Statistical classifiers are dependent for their accuracy on the quality of the training data rather than on the algorithm used for classification. The training data set needs to be representative of the whole area to be classified. The populations of pixels used for training must be statistically significant. This means that there is a need to know the minimum number of observations required to characterise a particular site to an acceptable level of error.

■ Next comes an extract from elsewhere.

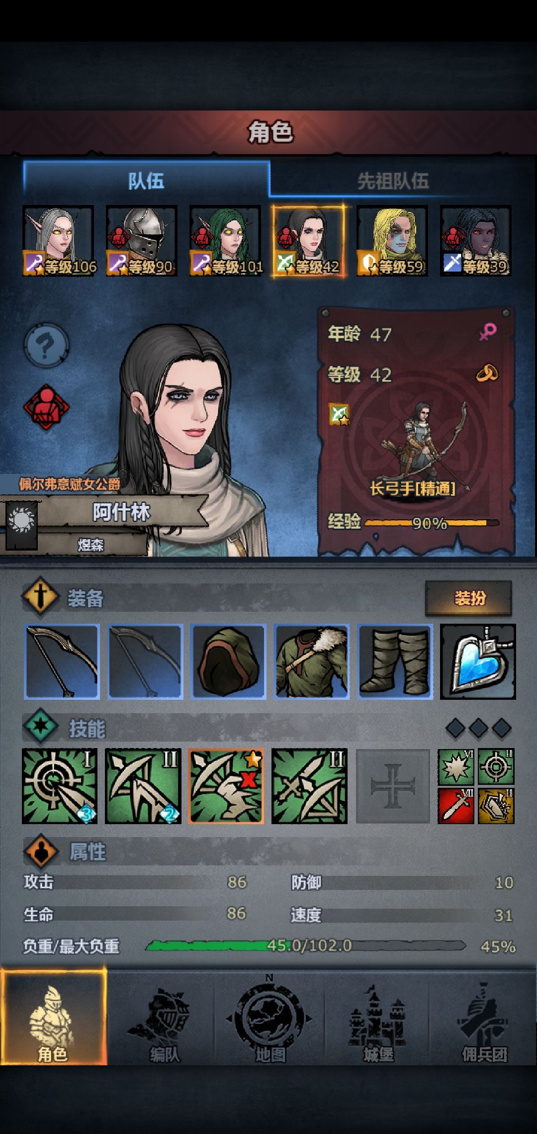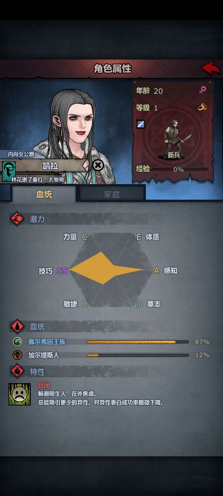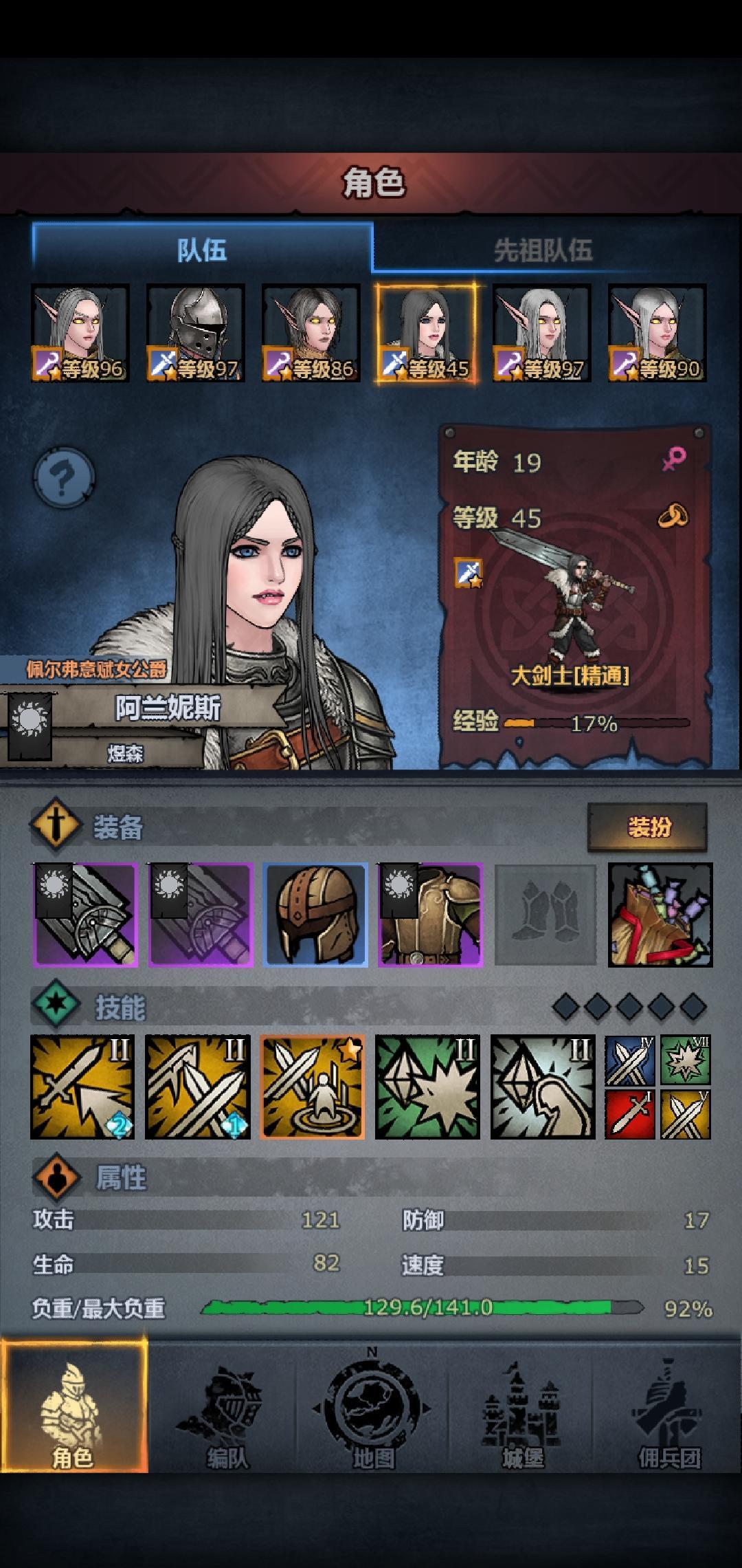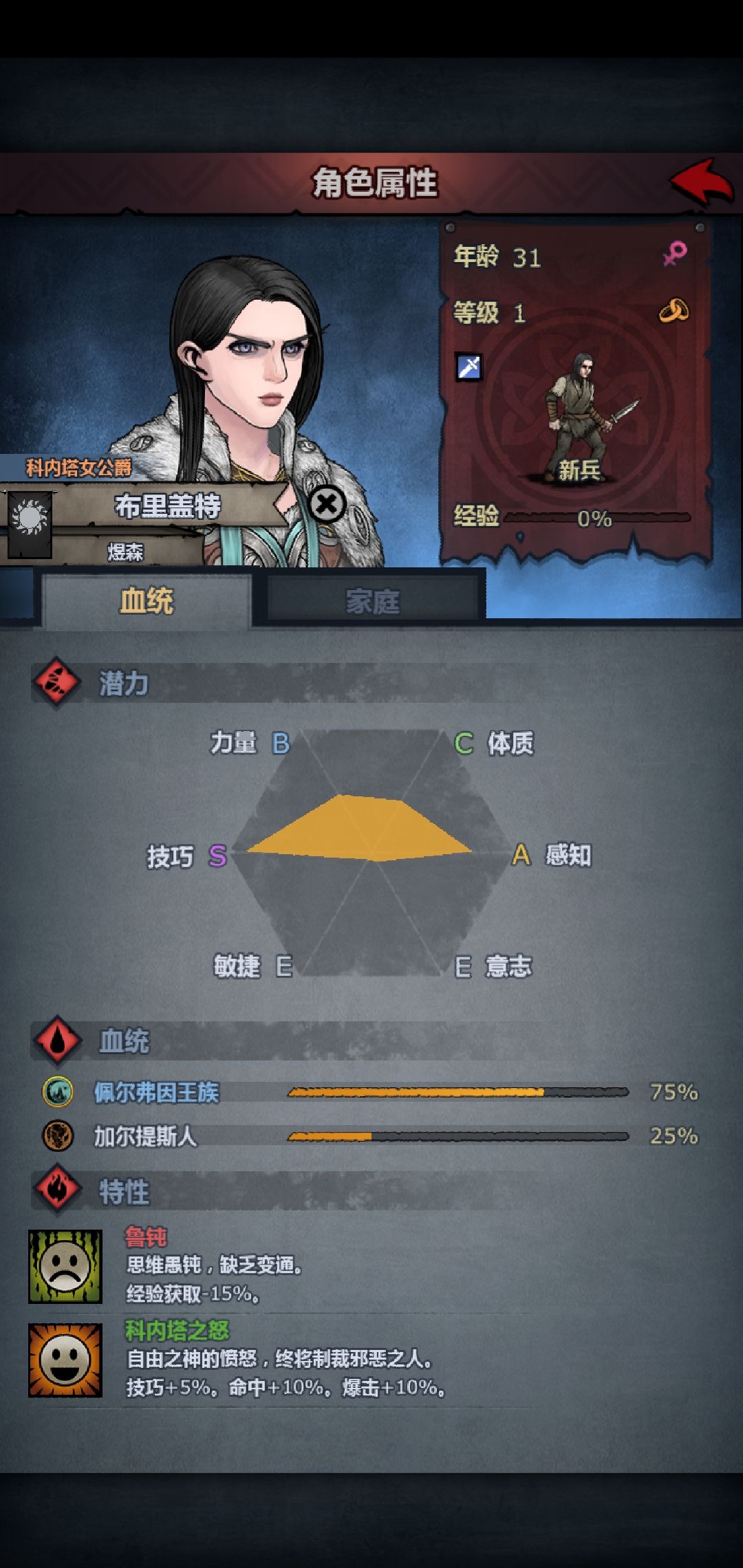 这是大致成品图,模拟的前中期60-70左右的一个属性,在这里我推荐长弓手,因为佩尔体大多数低于b,作为大剑士很难抗住熊的伤害;而长弓手作为远程攻击单位,可以配合重步兵一类的援护单位,输出空间比较安全(过八盾比较困难)。

Ground-truthed training data in Antarctica is difficult to obtain. In other domains, for example, vegetation classification training data are developed using ground truth combined with aerial and satellite interpretation to identify representative vegetation types. Vegetation is relatively stable over time. In Antarctica there can be rapid changes in features such as sea ice that cannot easily be verified on the ground; therefore, training data must be developed directly from satellite images.

The tool allows an expert image interpreter to choose sample points on an image and apply a label to each one. The label and pixel values for that point on all bands are then stored. The tool's operation gives the user the choice of automatically sampling an image or allowing a user to sample the image in a directed way. In the former case the user can specify the coarseness of the sampling grid and then is asked to supply names at each sampling point. The user can switch between image bands to help decide on the label to be attached to the sampling point. It is possible to switch between automatic sampling and user-directed sampling. This feature was added because if a coarse grid was chosen for automatic sampling, some important features could be missed.

This paper will describe the operation of the spatial sampling tool and the results of using the sample to develop a decision tree by submitting this sample to the S-Plus decision tree package. The results of applying this decision tree to classify Antarctic sea-ice will be presented.